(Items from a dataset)
<<<<

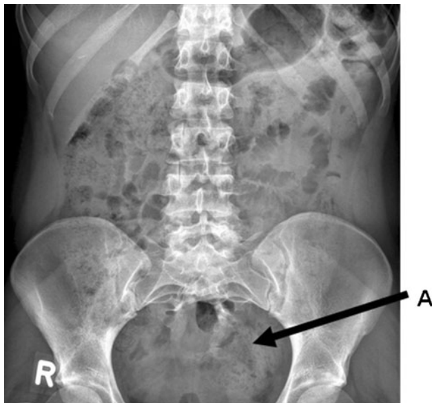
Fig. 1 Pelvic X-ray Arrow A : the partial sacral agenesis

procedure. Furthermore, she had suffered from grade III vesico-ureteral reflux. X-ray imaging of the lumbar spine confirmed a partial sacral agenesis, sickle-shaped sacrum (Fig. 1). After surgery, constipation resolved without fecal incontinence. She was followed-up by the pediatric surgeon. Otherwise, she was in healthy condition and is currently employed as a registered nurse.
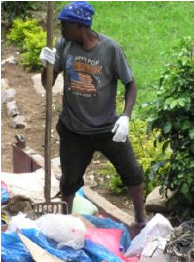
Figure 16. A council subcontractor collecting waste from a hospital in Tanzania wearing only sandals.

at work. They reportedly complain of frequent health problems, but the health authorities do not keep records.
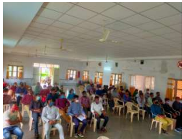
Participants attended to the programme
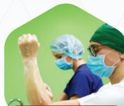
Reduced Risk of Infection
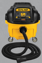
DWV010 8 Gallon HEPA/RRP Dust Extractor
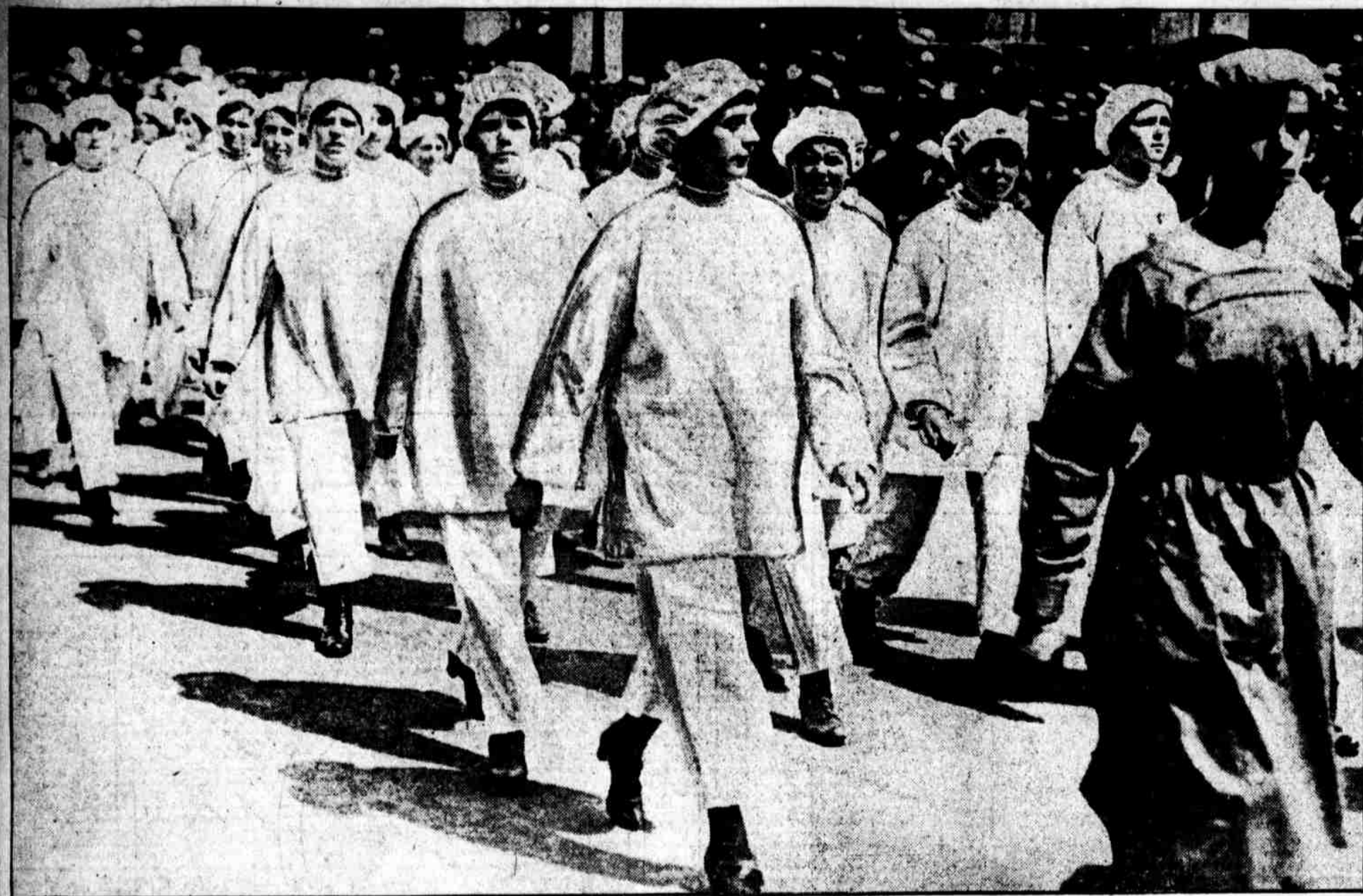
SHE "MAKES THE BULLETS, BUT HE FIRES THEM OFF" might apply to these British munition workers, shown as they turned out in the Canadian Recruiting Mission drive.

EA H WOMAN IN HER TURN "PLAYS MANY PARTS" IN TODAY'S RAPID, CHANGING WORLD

>>>>

# Action item
Within the entries above, count the lines that include "sacral". The answer is that number alone.

# Answer for this exercise
2